Paul asked as he straightened himself up and turned round. ‘I’m Paul’ he said. He held out his hand but Anita didn’t respond. ‘I work at the social services centre up at Broughton. We have met before. You’re Anita, aren’t you?’
‘Yeah, and I do remember you. You tried to get me to have my baby adopted.’
‘I said it was one of your choices.’
‘And I said that half the girls in my street had got babies and I wanted one too.’
‘You’re nearly seventeen, aren’t you Anita?’
‘So?’
‘So if you could find yourself a job you could make use of the nursery we’ve got at the centre.’
‘Oh no she couldn’t!’ Lorraine insisted, ‘she’s staying here to look after Candice.’
‘Why?’
‘Because it’s her right!’
‘Sorry Lorraine but since when did it become the right of those not in work to have children that they expect those in work to pay for? Did that pass me by or what?’
‘It’s just another attack on the poor and helpless.’
‘You may be poor, Lorraine,’ said Paul, ‘and there may be all kinds of reasons for that. But you’re not helpless. Now, how’s your Michaela getting on?’
‘Alright, although it’s no thanks to you.’
‘Lorraine, she’s fifteen, she needed to get back to school.’

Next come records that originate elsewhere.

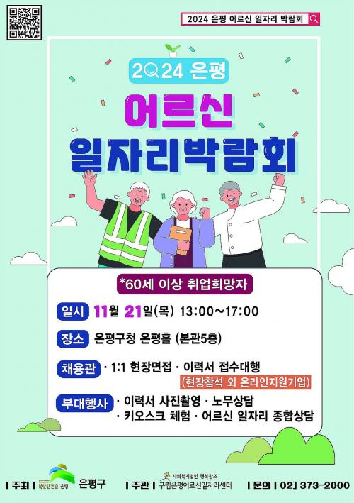 [½Åµ¿¾Æ¹æ¼Û ÀºÆò±¸=À̽ŵ¿±âÀÚ] ÀºÆò±¸´Â ¿À´Â 21ÀÏ ¿ÀÈÄ 1½ÃºÎÅÍ 5½Ã±îÁö ÀºÆò±¸Ã» 5Ãþ ÀºÆòȦ¿¡¼­ ¡®2024³â ÀºÆò¾î¸£½ÅÀÏÀÚ¸® ¹Ú¶÷ȸ¡¯¸¦ °³ÃÖÇÑ´Ù°í ¹àÇû´Ù. ¿ÃÇØ·Î 3³â°¸¦ ¸ÂÀÌÇÏ´Â À̹ø ¹Ú¶÷ȸ´Â Áõ°¡ÇÏ´Â 60¼¼ ÀÌ»óÀÇ ±¸Á÷ÀÚ¿¡°Ô ÀçÃë¾÷ ±âȸ¿Í ´Ù¾çÇÑ Ãë¾÷ ¡¦
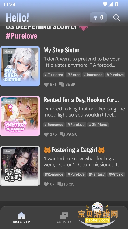 5.全功能免费开放:新用户注册即可获得无限免费访问权限,无需积分兑换或付费订阅,聊天机器人互动、角色体验、游戏畅玩、漫画小说阅读等核心功能全部免费解锁,降低娱乐体验门槛。
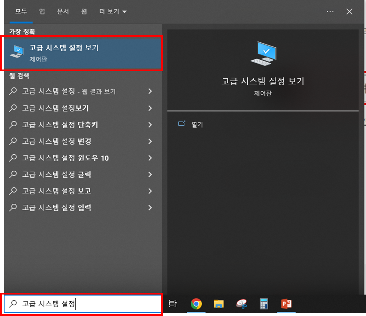 고급 시스템 설정 검색 후 고급 시스템 설정 보기 클릭

‘She needs to be here looking after her baby!’ Lorraine insisted, ‘instead of which you made her go back to waste more of her time listening to useless teachers’.
‘They’re not useless, Lorraine, they’re dedicated to helping your kids’.
‘Rubbish!’
‘Where is the baby by the way?’ asked Paul.

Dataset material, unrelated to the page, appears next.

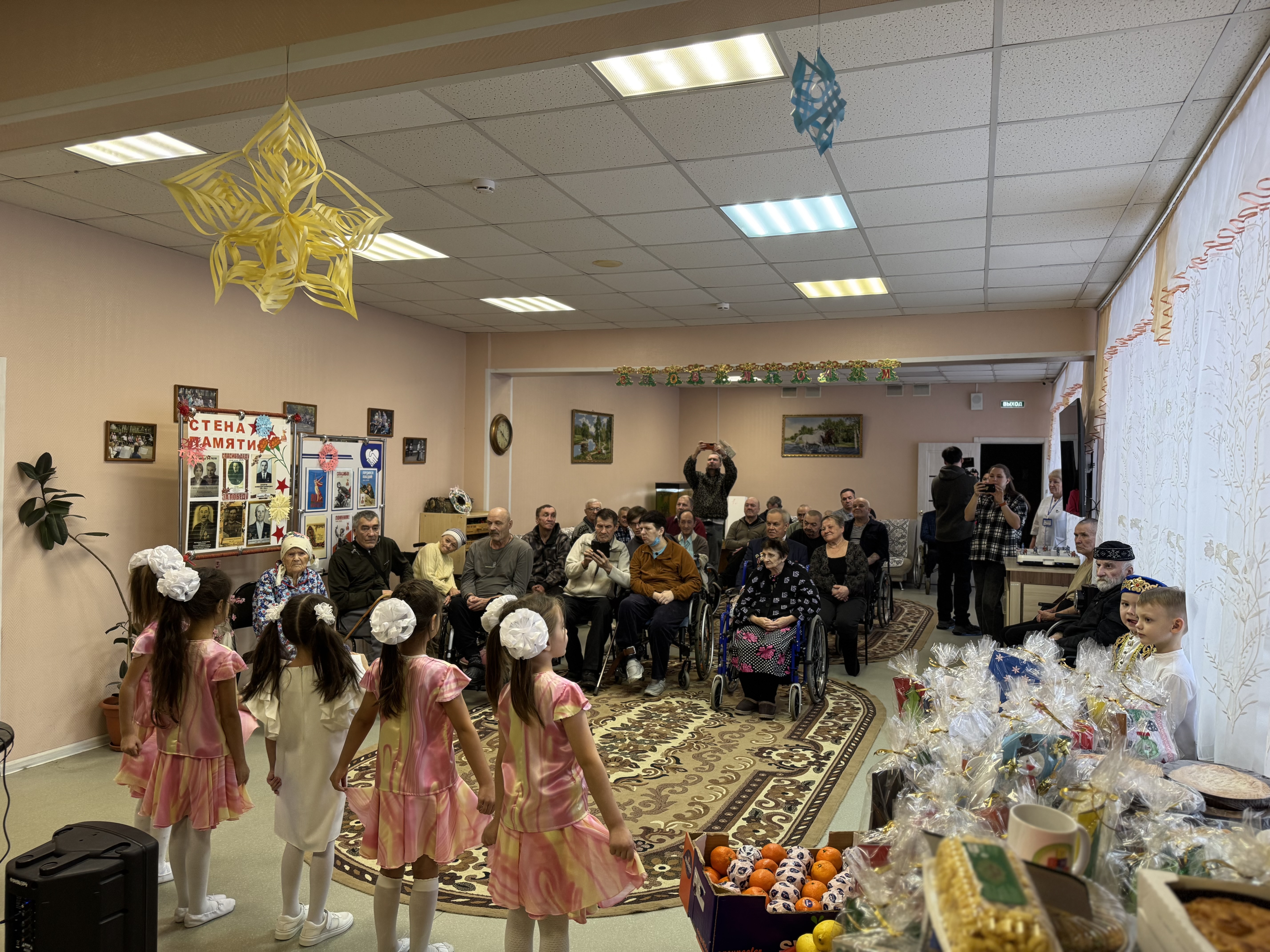 Кульминацией праздника стал выход Деда Мороза и Снегурочки, вместе с которыми жители интерната спели задорные новогодние песни под аккордеон, создавая настоящую зимнюю сказочную атмосферу.

‘Upstairs asleep,’ said Lorraine, ‘and our Michaela has got nothing to do with you, whether she goes to school or not.’
‘I’m afraid she has,’ said Paul, ‘she’s a minor, she’s underage, and she has everything to do with me.’

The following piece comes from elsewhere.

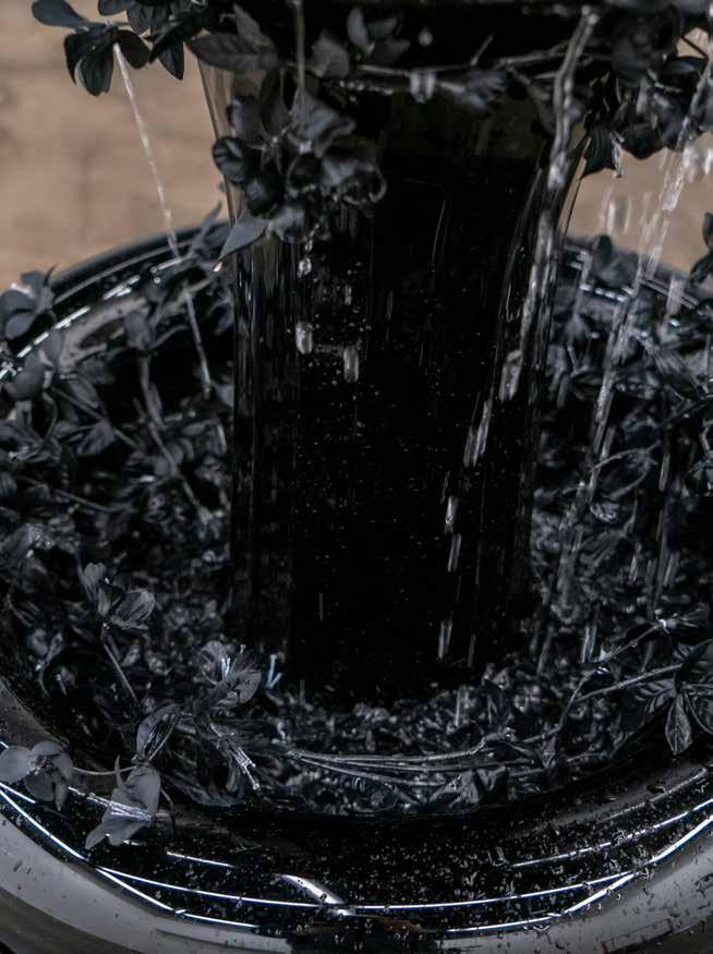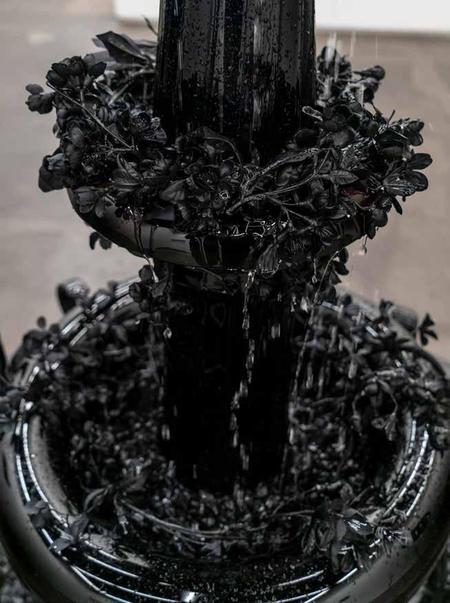 The exhibition presents a series of glass sculptures which honors Bright’s heritage and familial home in Nigeria, Rockhaven, a safe haven where generations of family members have gathered to celebrate, mourn, and share collective experiences. The exhibition’s main feature, a glass water fountain, is a heraldic symbol for legacy and an ode to sanctuary. Water, symbolic in Nigerian culture for bringing life, reclaims the environment with its rejuvenation properties. As it flows endlessly through each level of the black glass, viewers experience a collective renewal and connection to the depths of our own histories. Through the artist’s personal lens, Bright considers the aspirational act of naming a home and the significance of upholding space within the unpredictable terrains of life.

‘You threatened me with jail unless I made her go back to school.’
‘And I’d do it again for the sake of Michaela,’ said Paul, ‘but we’ve also got another matter to discuss.’
Lorraine had made a complaint against her GP who was a colleague and friend of Paul’s in the community services centre. She said that Dr. Fergus Keene had refused to proscribe drugs to her eight-year-old son Sam who she claimed had A.D.D. Dr. Keene, on the other hand, had told her that her son was not suffering from A.D.D and therefore did not need the drugs. Lorraine had kept Sam off school that day and Paul went through to the lounge to talk to him.
‘He needs something to calm him down,’ Lorraine insisted between drags on her cigarette. Since Paul had arrived she’d never had one out of her fingers just like she’d never put down her mug of the hot brown liquid she called coffee.
‘And why do you say that, Lorraine?’ Paul asked.
‘Well you can see,’ she said, ‘he’s all over the bloody shop.’
What Paul could see was a little eight-year-old boy called Sam who was very easy to engage wit
h once someone took an interest in him. He spent half an hour talking with Sam, asking him about school and what he liked to do there. Sam told him that books and reading were his favourite things and that had opened up a conversation about Harry Potter. Sam said he was halfway through the fifth book which didn’t surprise Paul considering all his school reports stated that his reading ability was a good three years ahead of his age. Sam was able to give him a full resume of all the leading Hogwarts characters. Paul thanked God for JK Rowling. Her books had gone way beyond the simple limits of entertainment. They were reaching into the minds of boys like Sam and taking him light years away from the gloom of his reality.
‘It’s no good him reading if he can’t behave,’ said Lorraine who didn’t seem too impressed by her son’s knowledge of the world of the boy wizard. She hadn’t said anything whilst Paul and Sam were talking. She’d just looked round and glared a few times.
‘Lorraine, what can we do for your son without resorting to drugs?’
‘Drugs are what he needs to calm him down!’ Lorraine insisted, ‘My nerves are shot to pieces because of his antics.’
‘You want us to drug him into not being a bother to you? Is that what this is all about, Lorraine? What kind of country do you think you’re living in? When are you going to take proper responsibility as a parent?’
‘My girls have never been any trouble to me, not even for one single second! But him…’ she stabbed her finger in the air in her son’s direction ‘… he’s been a pain since the minute he was born!’
‘So both your daughters having babies when they were underage isn’t a problem but your son showing an interest in getting educated is?’